The Wetterhoun also known as the Frisian Water Dog, is a medium-sized breed that was used for hunting waterfowl and small mammals in the Fryslan province of Netherland. Characterized by a grim expression, low set hanging ears, smooth, thick coat and a short tail curled over its back, these dogs are noted for their strong guarding skills.
|Other names||Otterhoun, Dutch Spaniel|
|Coat||Thick and color all over its body excepting its head, leg, and ears which has a smooth coat|
|Color||Black and white; black; liver and white; liver; roan|
|Group||Sporting dogs, Gundogs|
|Lifespan/ Life Expectancy||12-13 years|
|Litter size||4-6 puppies|
|Behavioral Characteristics||Good guarding abilities; reserved; intelligent; watchful; stubborn|
|Good with children||Yes|
|Shedding (Does it shed)||Moderate|
|Competitive Registration Qualification/Information||UKC, FCI|
The ancient version of the Wetterhoun developed 400 years back in the Friesland region, a province of the Netherlands. It has been speculated that these dogs have their lineage linked to the gypsy dogs, Frisian farm dogs, and even the Old Water dog that is presently extinct.
Being excellent hunting dogs because of their water-resistant coat and large prey drive, they were mainly used for the hunting of otters as their increasing population had posed a threat to the fishing industry. When the numbers of the otters were finally controlled, these dogs were used for bringing down bigger and ferocious animals like the fitch (polecat). These versatile dogs were even put to use for retrieving the waterfowl and also served as excellent watchdogs, protecting the farmer’s property.
Their number diminished drastically after the Second World War, though with efforts and initiatives taken by dog fanciers, their numbers are gradually being revived. The FCI and UKC recognize it under the water and gundog category respectively. Besides its international recognition, the Wetterhoun also attains recognition by several small registries, as well as hunting dogs, being showcased as rare breeds for all those who wish to take an unusual pet home.

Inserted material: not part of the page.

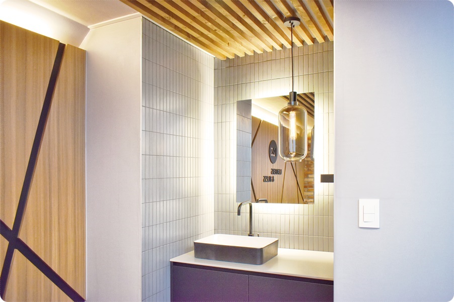앞서 보신 세면대 공간 옆쪽에는 업무 책상이 마련되어 있는 개인 사무실 업무 공간입니다. 멋진 디자인으로 벽면에 포인트를 주고 천장에 간접조명으로 화사함을 보여주었습니다. 벽돌 디자인과 우드 템바보드를 시공하여 공간의 멋스러움을 강조해 주었습니다.

Because of their hunting and guarding instincts, they may be strong-willed and independent but never disobedient and stubborn. In fact, they are known to have a great deal of perseverance and are quite intent on completing a task assigned to them. They also display a reserved attitude on encountering a stranger but are never aggressive and would change their demeanor towards the unknown person if they see their owner behaving in a friendly manner with him.

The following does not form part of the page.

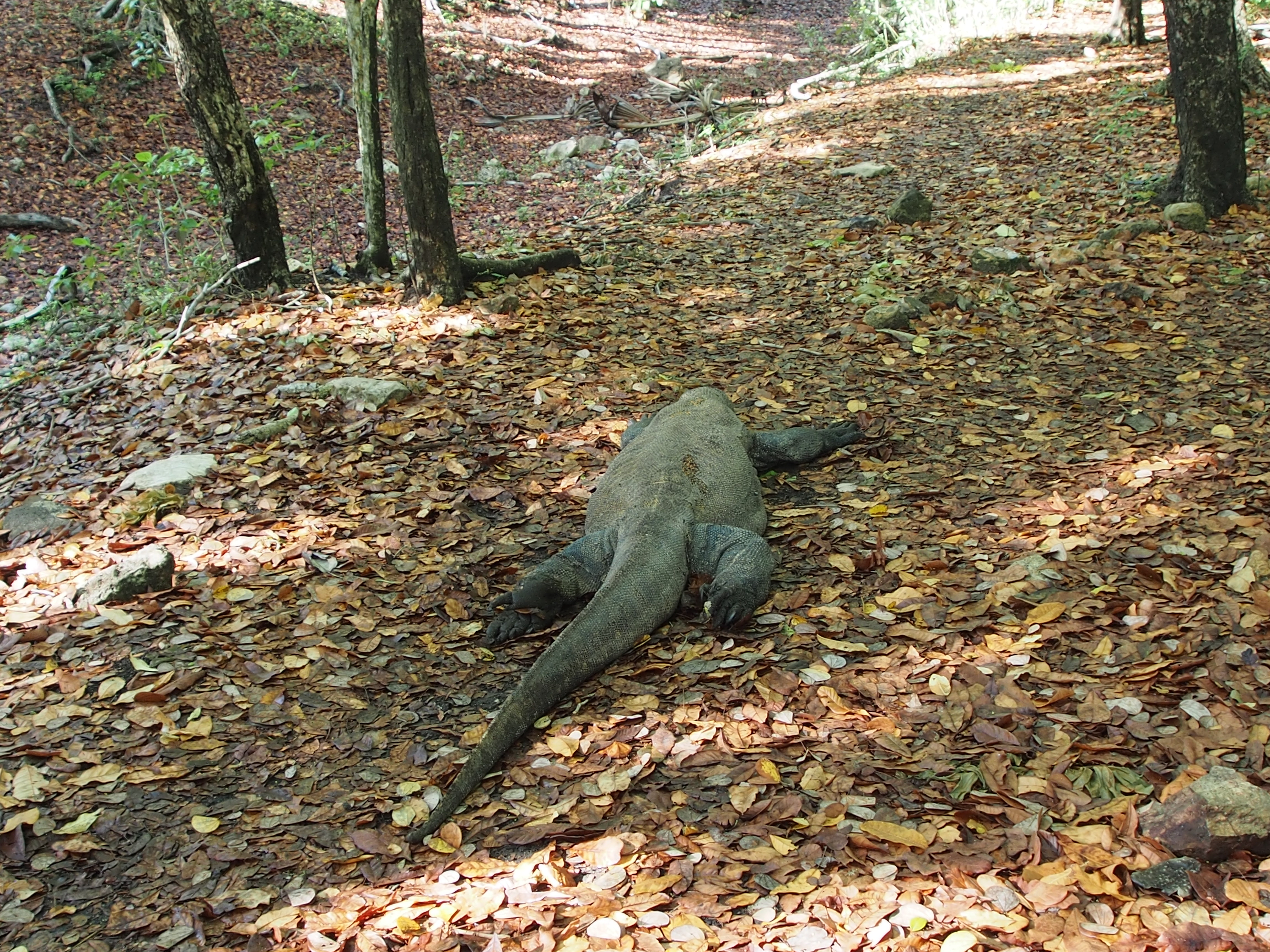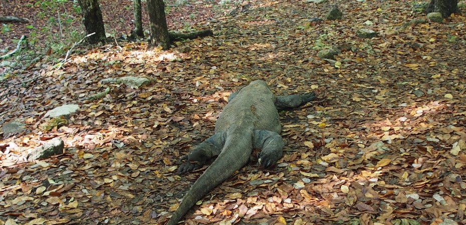 Together with the crew of Why Not – Chris, Michelle and Sean – our first jaunt after a night at anchor for swimming and snorkelling off Pulau Sebayur was a dragon hunt but first we had to find the correct bay on Rinca, this island being apparently a better one for seeing Komodo Dragons than the island they are named after. Our information gleaned from other cruisers gave us a waypoint but charts in this part of the world do not conform exactly to WGS84 so the waypoint was neatly on a headland between two bays. We choose the wrong one at first! Eventually by watching the local boats we not only worked out which bay but also a safe route through the reefs and found ourselves in a lovely spot at the head of a narrow deep bay; the trees around were full of birds of prey (we think sea eagles and brahmin kites but could have been ospreys too) and monkeys. The following morning early five adults and two twelve year old boys set off on a two hour trek from the Loh Buaya Ranger Station to hunt down a few dragons.

These great guard dogs are loyal and devoted to their family, going to any extent to safeguard their kith and kin from any danger.
They are territorial and may only get along well with other dogs if they are brought up with them since their puppy days. However, the Wetterhoun is not suitable for homes having felines as these dogs are great cat chasers.
They are friendly towards children, emerging as their perfect playmate, provided the latter behave well with them.
The Wetterhoun does better in homes with a big space where they can move around freely rather than a small apartment.
These dogs have a will of their unknown, thus needing to be trained since the time you bring the puppies home. Since they are sensitive, they would not do well with harsh and forceful training but requires a firm master who would tactfully handle them, incorporating positive reinforcement techniques.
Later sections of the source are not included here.